_Assigned task_:
I'd ask you to write out the lines below exactly, with no images.

_Given data_:
-*-

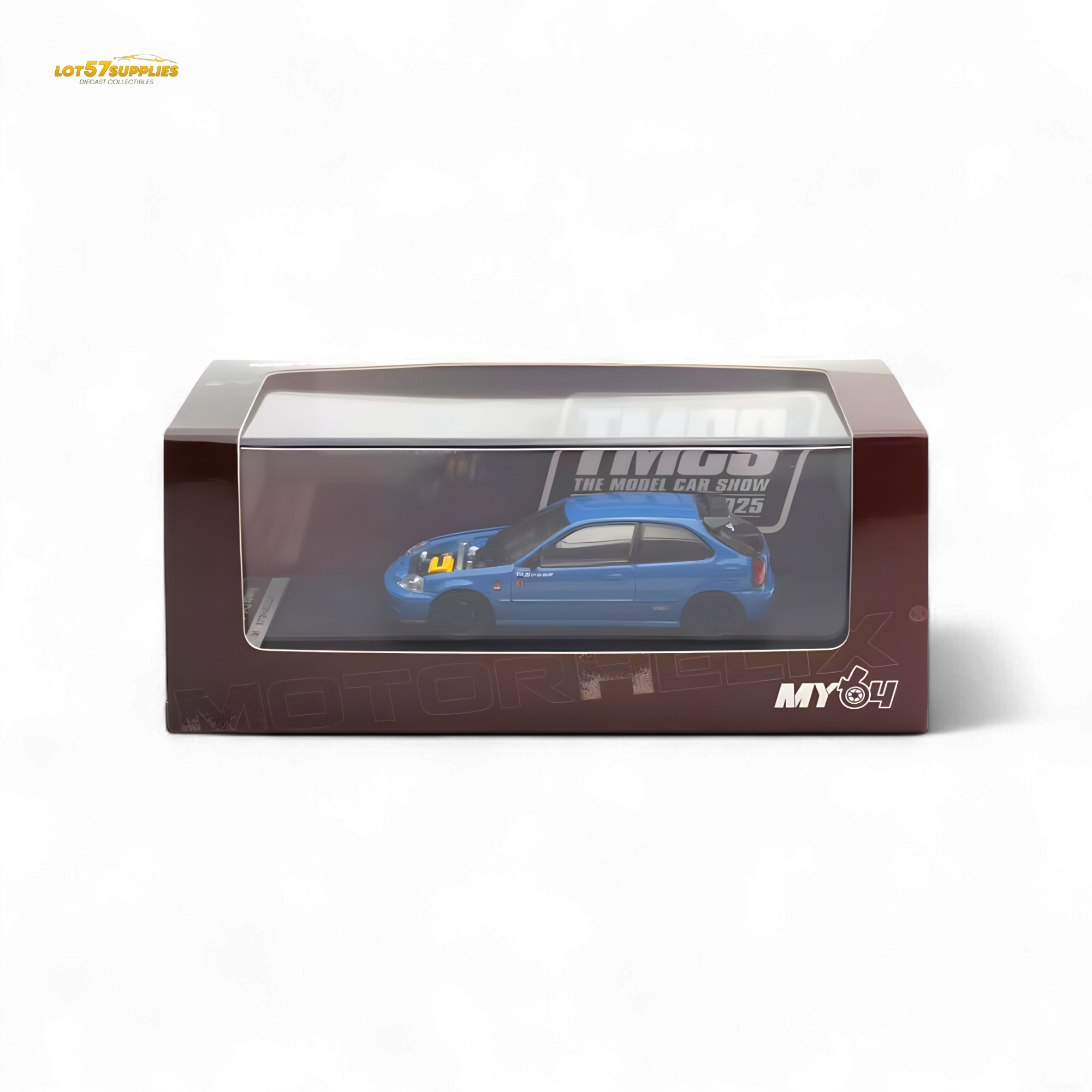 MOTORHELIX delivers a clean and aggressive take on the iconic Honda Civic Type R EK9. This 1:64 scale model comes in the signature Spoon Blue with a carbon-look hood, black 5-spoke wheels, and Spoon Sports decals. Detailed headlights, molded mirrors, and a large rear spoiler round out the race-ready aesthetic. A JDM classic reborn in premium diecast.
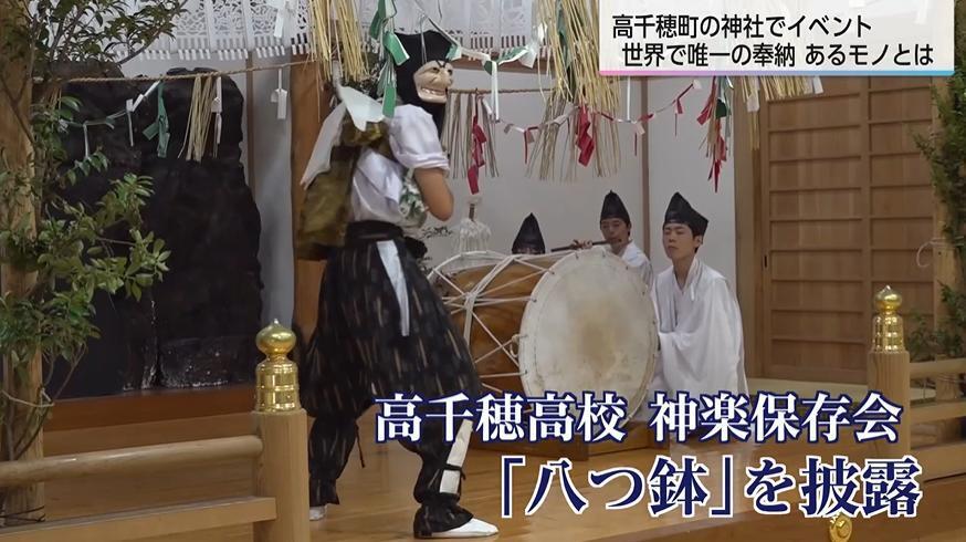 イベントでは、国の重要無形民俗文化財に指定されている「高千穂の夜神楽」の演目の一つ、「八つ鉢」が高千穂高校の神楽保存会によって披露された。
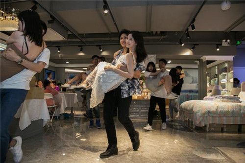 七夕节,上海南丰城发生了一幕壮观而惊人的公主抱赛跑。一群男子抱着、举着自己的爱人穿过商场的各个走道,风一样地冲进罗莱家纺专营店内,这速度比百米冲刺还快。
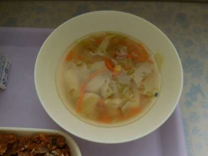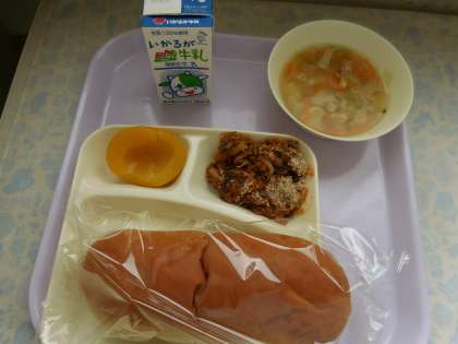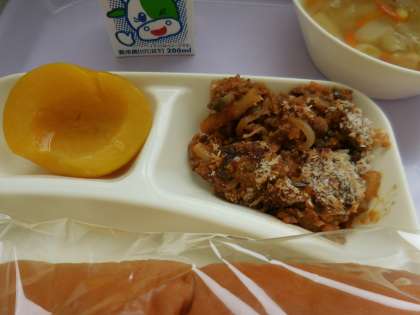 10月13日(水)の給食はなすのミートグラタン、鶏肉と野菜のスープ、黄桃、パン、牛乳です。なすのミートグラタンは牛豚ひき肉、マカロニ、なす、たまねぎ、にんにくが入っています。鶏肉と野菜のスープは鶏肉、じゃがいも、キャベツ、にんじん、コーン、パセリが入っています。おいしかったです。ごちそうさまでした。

-*-

_Problem solution_:
 MOTORHELIX delivers a clean and aggressive take on the iconic Honda Civic Type R EK9. This 1:64 scale model comes in the signature Spoon Blue with a carbon-look hood, black 5-spoke wheels, and Spoon Sports decals. Detailed headlights, molded mirrors, and a large rear spoiler round out the race-ready aesthetic. A JDM classic reborn in premium diecast.
 イベントでは、国の重要無形民俗文化財に指定されている「高千穂の夜神楽」の演目の一つ、「八つ鉢」が高千穂高校の神楽保存会によって披露された。
 七夕节,上海南丰城发生了一幕壮观而惊人的公主抱赛跑。一群男子抱着、举着自己的爱人穿过商场的各个走道,风一样地冲进罗莱家纺专营店内,这速度比百米冲刺还快。
 10月13日(水)の給食はなすのミートグラタン、鶏肉と野菜のスープ、黄桃、パン、牛乳です。なすのミートグラタンは牛豚ひき肉、マカロニ、なす、たまねぎ、にんにくが入っています。鶏肉と野菜のスープは鶏肉、じゃがいも、キャベツ、にんじん、コーン、パセリが入っています。おいしかったです。ごちそうさまでした。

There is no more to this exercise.